[TASK TO CARRY OUT] Please find all lines in the data that hold the string "signed" and copy them.

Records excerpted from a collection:
☆ ☆ ☆
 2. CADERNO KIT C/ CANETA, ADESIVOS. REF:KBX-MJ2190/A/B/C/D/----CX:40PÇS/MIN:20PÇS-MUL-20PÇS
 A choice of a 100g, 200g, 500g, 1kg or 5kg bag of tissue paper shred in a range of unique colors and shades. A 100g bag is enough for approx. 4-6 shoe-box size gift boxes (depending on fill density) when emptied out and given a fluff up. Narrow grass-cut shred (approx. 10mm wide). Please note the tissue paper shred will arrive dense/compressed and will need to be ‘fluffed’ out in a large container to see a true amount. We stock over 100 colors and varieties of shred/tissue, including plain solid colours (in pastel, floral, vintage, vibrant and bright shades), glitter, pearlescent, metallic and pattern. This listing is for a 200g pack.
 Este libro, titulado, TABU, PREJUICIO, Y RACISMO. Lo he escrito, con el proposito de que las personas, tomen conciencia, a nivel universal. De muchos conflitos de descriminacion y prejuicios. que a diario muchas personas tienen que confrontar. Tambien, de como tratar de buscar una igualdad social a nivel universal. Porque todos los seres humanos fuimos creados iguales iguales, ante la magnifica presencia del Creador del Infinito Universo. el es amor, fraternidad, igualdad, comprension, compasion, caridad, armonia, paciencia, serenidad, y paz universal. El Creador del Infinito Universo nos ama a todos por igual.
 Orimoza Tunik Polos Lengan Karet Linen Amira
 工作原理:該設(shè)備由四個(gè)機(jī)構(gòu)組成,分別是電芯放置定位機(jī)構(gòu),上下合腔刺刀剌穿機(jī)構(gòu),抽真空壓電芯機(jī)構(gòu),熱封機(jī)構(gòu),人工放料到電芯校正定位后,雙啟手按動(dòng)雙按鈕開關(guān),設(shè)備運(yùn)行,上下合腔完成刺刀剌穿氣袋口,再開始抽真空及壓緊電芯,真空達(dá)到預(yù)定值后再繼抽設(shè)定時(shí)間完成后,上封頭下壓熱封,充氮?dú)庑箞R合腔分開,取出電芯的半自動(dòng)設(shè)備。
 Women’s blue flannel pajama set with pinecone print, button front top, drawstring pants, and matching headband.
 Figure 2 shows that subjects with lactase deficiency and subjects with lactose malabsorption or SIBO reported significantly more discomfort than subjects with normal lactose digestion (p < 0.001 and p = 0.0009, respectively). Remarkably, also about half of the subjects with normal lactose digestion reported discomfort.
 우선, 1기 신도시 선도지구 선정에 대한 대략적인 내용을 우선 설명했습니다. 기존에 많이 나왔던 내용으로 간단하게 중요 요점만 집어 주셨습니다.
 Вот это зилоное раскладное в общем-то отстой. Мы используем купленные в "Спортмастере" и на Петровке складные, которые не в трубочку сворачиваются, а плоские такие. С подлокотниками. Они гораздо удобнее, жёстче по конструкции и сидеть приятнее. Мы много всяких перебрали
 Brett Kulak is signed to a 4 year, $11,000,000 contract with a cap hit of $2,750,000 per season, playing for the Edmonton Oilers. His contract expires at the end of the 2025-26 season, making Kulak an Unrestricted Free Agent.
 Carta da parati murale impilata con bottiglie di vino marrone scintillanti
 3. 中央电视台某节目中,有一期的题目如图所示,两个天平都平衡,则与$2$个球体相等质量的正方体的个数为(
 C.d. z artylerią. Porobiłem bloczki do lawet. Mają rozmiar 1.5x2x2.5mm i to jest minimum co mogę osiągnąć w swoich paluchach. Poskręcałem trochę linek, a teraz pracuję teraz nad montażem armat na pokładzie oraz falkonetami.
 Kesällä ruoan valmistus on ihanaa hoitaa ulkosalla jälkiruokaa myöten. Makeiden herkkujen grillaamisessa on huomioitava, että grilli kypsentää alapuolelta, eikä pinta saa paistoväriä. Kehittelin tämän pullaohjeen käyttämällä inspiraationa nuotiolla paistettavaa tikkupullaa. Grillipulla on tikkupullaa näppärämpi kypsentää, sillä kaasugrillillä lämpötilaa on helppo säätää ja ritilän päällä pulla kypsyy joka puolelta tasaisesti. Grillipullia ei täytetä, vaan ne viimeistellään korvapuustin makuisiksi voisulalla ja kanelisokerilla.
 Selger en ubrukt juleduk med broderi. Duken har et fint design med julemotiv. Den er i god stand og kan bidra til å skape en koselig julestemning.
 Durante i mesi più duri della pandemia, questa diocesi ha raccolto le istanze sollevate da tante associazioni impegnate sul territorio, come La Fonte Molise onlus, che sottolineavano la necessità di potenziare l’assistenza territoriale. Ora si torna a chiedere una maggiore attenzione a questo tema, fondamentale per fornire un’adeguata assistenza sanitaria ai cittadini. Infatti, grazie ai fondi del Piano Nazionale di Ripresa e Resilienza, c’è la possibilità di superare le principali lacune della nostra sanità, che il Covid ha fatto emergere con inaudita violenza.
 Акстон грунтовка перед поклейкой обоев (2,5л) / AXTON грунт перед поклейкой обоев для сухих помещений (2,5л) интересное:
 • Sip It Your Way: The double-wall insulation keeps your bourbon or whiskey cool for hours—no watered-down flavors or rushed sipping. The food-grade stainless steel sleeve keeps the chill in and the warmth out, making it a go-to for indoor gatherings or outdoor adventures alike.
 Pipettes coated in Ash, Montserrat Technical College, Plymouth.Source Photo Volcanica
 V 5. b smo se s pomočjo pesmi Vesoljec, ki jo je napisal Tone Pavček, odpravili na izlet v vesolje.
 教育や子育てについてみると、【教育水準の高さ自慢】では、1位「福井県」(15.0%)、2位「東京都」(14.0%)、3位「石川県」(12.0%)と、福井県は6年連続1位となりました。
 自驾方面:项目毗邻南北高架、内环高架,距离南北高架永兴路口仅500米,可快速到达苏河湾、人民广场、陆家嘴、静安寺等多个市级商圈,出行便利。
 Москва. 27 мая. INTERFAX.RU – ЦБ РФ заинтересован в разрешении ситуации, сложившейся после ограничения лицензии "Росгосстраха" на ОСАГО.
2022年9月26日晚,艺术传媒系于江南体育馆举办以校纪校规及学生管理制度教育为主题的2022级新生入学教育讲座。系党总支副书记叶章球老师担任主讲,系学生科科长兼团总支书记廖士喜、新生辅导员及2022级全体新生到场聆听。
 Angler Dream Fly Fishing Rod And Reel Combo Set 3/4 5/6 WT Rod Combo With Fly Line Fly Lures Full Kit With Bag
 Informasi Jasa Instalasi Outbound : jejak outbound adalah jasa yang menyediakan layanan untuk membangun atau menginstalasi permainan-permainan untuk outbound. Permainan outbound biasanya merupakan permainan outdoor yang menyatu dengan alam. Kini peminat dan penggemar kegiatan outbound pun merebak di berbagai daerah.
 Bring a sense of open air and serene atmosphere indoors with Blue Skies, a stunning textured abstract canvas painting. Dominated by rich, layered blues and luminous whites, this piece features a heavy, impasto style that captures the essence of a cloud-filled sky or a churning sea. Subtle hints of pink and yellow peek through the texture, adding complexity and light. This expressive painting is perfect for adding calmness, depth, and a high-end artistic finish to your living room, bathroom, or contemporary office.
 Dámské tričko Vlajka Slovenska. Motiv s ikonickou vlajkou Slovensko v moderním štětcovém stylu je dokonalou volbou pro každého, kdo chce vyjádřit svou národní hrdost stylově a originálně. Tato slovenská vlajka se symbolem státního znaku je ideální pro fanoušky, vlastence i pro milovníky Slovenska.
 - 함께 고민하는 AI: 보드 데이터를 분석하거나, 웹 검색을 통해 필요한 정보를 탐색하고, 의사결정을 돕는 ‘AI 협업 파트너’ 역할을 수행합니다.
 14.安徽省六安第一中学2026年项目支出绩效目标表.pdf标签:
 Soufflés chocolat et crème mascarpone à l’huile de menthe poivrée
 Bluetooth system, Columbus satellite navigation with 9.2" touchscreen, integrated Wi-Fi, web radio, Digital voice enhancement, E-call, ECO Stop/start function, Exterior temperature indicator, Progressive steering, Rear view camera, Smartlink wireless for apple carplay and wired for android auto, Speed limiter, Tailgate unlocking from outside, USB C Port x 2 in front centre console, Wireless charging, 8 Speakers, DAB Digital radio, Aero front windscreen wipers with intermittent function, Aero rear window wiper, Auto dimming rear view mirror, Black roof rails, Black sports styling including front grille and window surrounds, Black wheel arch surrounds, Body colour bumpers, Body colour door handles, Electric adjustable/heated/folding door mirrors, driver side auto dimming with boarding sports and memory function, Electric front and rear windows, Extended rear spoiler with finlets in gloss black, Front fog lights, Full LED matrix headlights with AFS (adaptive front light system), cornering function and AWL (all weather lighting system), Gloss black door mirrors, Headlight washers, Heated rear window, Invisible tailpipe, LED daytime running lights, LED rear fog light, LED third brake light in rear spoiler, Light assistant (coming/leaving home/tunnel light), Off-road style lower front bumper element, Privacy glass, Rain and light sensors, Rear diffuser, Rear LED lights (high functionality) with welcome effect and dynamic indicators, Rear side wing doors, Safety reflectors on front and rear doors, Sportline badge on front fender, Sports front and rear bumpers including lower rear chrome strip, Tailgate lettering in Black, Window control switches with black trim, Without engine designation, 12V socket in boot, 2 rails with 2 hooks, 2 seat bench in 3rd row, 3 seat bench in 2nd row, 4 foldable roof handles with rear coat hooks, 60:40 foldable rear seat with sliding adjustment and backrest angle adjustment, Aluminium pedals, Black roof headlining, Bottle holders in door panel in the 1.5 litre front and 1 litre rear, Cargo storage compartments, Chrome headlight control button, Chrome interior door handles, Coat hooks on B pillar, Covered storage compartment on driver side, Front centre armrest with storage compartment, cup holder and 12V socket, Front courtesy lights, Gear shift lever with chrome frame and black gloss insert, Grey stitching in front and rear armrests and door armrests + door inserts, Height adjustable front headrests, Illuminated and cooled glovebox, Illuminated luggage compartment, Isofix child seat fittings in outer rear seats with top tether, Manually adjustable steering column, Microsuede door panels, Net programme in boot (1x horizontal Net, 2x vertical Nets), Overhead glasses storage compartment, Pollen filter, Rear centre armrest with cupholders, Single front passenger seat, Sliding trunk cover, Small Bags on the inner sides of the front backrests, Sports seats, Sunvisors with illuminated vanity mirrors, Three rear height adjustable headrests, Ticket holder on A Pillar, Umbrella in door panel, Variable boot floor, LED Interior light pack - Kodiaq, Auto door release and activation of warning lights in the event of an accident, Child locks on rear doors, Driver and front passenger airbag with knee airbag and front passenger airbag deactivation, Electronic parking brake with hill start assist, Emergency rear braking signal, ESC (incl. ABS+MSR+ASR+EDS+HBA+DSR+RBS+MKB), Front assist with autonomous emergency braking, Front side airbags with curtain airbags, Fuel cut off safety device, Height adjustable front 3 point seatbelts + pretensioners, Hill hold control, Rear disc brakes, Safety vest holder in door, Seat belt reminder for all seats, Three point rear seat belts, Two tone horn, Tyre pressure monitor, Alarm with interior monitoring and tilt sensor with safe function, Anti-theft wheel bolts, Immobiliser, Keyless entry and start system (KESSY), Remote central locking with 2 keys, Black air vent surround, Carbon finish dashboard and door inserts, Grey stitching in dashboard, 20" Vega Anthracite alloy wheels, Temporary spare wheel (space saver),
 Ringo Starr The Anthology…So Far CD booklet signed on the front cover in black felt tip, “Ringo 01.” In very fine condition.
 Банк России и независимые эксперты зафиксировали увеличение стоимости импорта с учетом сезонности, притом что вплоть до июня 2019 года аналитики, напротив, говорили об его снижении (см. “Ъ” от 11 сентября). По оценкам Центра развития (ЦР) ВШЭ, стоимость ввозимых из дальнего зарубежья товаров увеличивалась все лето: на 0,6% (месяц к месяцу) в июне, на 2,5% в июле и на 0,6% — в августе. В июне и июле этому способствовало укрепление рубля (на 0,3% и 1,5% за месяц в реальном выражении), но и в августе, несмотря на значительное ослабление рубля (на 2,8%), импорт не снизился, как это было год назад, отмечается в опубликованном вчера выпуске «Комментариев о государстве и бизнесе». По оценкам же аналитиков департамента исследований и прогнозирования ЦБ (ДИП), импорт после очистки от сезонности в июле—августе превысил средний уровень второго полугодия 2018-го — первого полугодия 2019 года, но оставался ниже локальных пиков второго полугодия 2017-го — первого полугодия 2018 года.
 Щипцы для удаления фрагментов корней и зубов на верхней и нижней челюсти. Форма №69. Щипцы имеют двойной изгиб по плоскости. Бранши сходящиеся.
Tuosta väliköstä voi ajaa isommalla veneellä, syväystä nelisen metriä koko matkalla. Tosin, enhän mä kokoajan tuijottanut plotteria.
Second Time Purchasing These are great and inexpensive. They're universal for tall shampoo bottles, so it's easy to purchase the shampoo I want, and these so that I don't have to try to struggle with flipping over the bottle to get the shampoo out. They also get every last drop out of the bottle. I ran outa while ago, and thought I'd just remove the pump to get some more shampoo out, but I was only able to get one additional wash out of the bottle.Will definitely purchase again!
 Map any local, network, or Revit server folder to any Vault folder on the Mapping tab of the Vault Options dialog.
☆ ☆ ☆
[RESULT OF THE TASK]
 Brett Kulak is signed to a 4 year, $11,000,000 contract with a cap hit of $2,750,000 per season, playing for the Edmonton Oilers. His contract expires at the end of the 2025-26 season, making Kulak an Unrestricted Free Agent.
 Ringo Starr The Anthology…So Far CD booklet signed on the front cover in black felt tip, “Ringo 01.” In very fine condition.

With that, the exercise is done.